Data Analytics for Software Engineers
Photo by Gabi Scott on Unsplash
Data Analytics is a strange beast in the world of software development. On one hand, it is highly hyped, brimming with powerful tools, and forms the "wow factor" of software products. On the other, it is not always understood, often lacks the rigor of software engineering, and incorrectly occupies a lower niche in the unspoken pecking order of developers.

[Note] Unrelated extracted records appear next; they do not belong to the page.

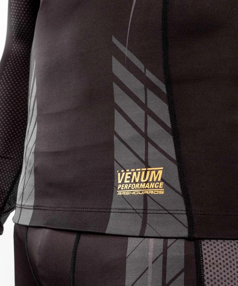 La Rashguard Venum Athletics Nero-oro è una t-shirt tecnica a compressione con maniche lunghe perfetta per gli sport da combattimento. In primo luogo protegge la parte superiore del corpo da sfregamenti e abrasioni causati dalla lotta. In più, il sistema a compressione favorisce le prestazioni e migliora i tempi di recupero muscolare. Gli inserti in mesh consentono la ventilazione, per una gestione ottimale dell`umidità. Caratterizzata da taglio aderente, la Rashguard Venum Athletics ha un effetto seconda pelle, sinonimo di massima libertà di movimento.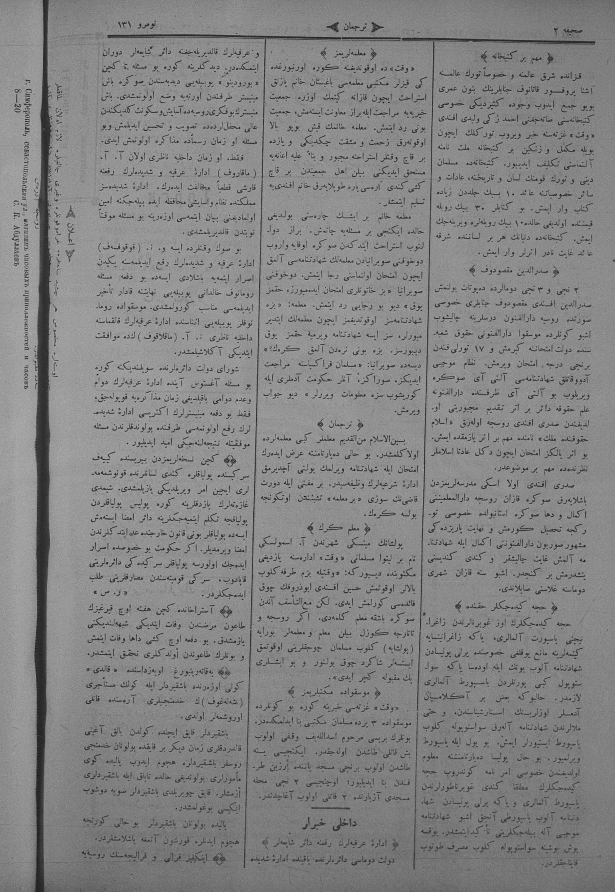 Turkish-Russian newspaper published in Crimea by İsmail Gaspıralı.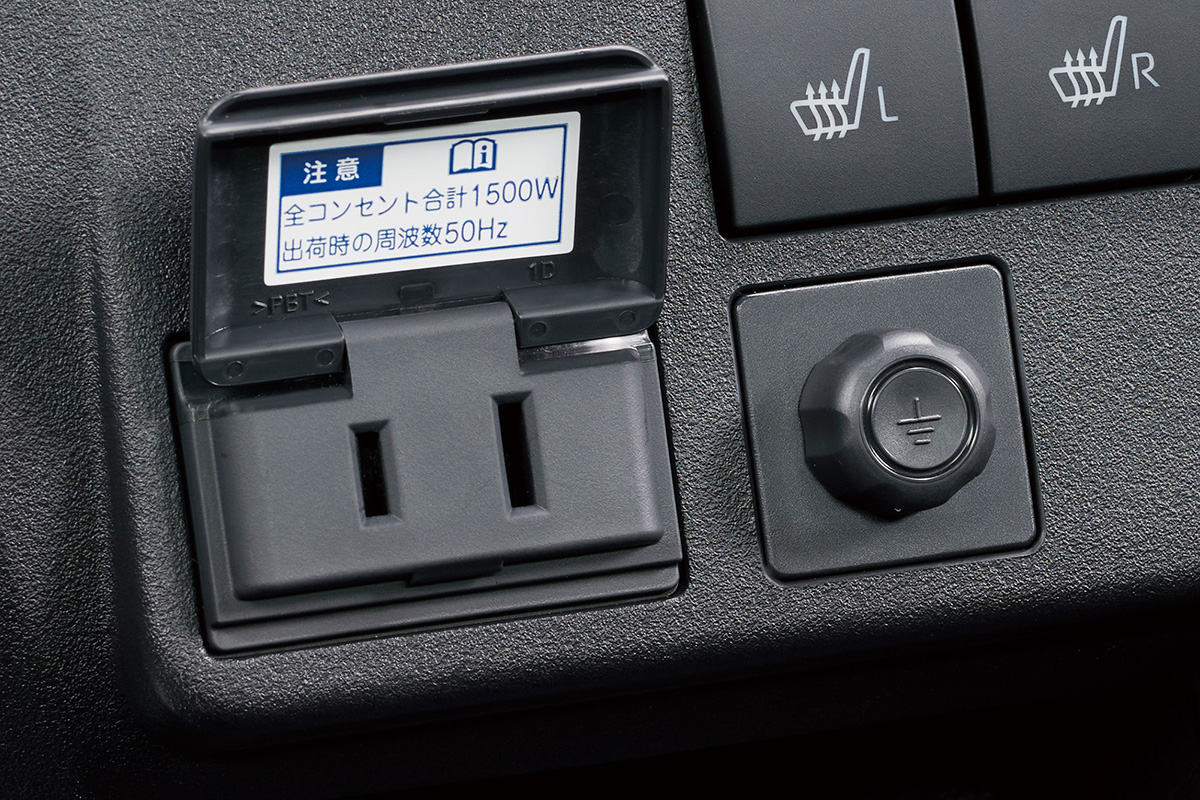 ・走行時でも使えるAC100Vで最大消費電力の合計が1500W以下の電気製品が使用可能なアクセサリーコンセントを装備

Data Analytics is the end goal of any data pipeline. It relies heavily on the software engineering that makes the connections, downloads the data, processes it, and serves it, but it is where the buck stops. It is where the end-user finds value in the data, and for that reason alone, any developer on the stack of realizing the analytics should know basic analytical principles.
Refine the data to its finest level of relevant detail
Don't impress with analytics fireworks - express with simple clarity
Define effective metrics clearly and be consistent
In this article, I will use a much-underrated Business Analytics tool by the name of Metabase to illustrate these concepts with a public domain data product I maintain that utilizes the radio playlist data of the public Seattle radio station KEXP.
Use Basic Business Facts for Proper Granularity
Getting the proper granularity requires an understanding of the business. If you've never worked on a data pipeline before, I recommend The Data Warehouse Toolkit, 3rd Edition, by Kimball.
Read and understand star schemas and the concept of surrogate keys. More importantly, understand the common granularities for your problem domain.
The Kimball book outlines the facts that should be the foundation of the analytics endpoint. Each of the domains has a lowest common denominator that the analyst can use in the tool to find value in the data to drive business decisions.
Here are some common use cases
Retail and Supply Chain
Retail Sales - The Point of Sale quantity, amount, discounts, etc
Inventory - Store Quantity on Hand
Procurement - Procurement transaction quantity and amount
Claims - Billed amount, paid amount, insurance amount, etc
Playlist - Host, Artist, Song, and date
In this article, I focus on the last type to illustrate concepts in analytics using simple model.